(PROVIDED INFORMATION begins)

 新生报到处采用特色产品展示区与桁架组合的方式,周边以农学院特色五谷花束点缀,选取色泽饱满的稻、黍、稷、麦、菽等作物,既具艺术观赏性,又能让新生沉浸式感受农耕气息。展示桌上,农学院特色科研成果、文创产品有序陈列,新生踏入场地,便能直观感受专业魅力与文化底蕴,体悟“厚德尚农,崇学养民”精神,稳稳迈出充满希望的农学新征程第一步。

(PROVIDED INFORMATION ends)
(PROVIDED INFORMATION begins)

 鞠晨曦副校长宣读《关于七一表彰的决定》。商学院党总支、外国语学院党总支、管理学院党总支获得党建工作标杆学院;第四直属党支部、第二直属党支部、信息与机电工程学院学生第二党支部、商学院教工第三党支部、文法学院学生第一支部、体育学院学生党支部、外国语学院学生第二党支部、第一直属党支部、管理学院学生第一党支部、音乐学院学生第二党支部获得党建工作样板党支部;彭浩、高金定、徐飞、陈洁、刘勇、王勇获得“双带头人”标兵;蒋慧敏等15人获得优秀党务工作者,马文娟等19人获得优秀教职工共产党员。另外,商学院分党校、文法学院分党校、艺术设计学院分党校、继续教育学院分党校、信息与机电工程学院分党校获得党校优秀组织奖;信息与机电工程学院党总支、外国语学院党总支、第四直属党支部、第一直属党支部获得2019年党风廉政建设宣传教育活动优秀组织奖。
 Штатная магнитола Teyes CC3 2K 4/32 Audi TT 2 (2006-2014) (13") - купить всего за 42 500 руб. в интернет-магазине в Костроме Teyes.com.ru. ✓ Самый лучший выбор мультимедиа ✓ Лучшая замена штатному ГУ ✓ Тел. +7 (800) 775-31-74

(PROVIDED INFORMATION ends)

PROBLEM REQUIREMENTS> Reproduce the entries above exactly, but only the lines between the line holding "鞠晨曦副校长宣读《关于七一表" and the line holding "Штатная магнитола Teyes", inclusive.

COMPLETED EXERCISE>
 鞠晨曦副校长宣读《关于七一表彰的决定》。商学院党总支、外国语学院党总支、管理学院党总支获得党建工作标杆学院;第四直属党支部、第二直属党支部、信息与机电工程学院学生第二党支部、商学院教工第三党支部、文法学院学生第一支部、体育学院学生党支部、外国语学院学生第二党支部、第一直属党支部、管理学院学生第一党支部、音乐学院学生第二党支部获得党建工作样板党支部;彭浩、高金定、徐飞、陈洁、刘勇、王勇获得“双带头人”标兵;蒋慧敏等15人获得优秀党务工作者,马文娟等19人获得优秀教职工共产党员。另外,商学院分党校、文法学院分党校、艺术设计学院分党校、继续教育学院分党校、信息与机电工程学院分党校获得党校优秀组织奖;信息与机电工程学院党总支、外国语学院党总支、第四直属党支部、第一直属党支部获得2019年党风廉政建设宣传教育活动优秀组织奖。
 Штатная магнитола Teyes CC3 2K 4/32 Audi TT 2 (2006-2014) (13") - купить всего за 42 500 руб. в интернет-магазине в Костроме Teyes.com.ru. ✓ Самый лучший выбор мультимедиа ✓ Лучшая замена штатному ГУ ✓ Тел. +7 (800) 775-31-74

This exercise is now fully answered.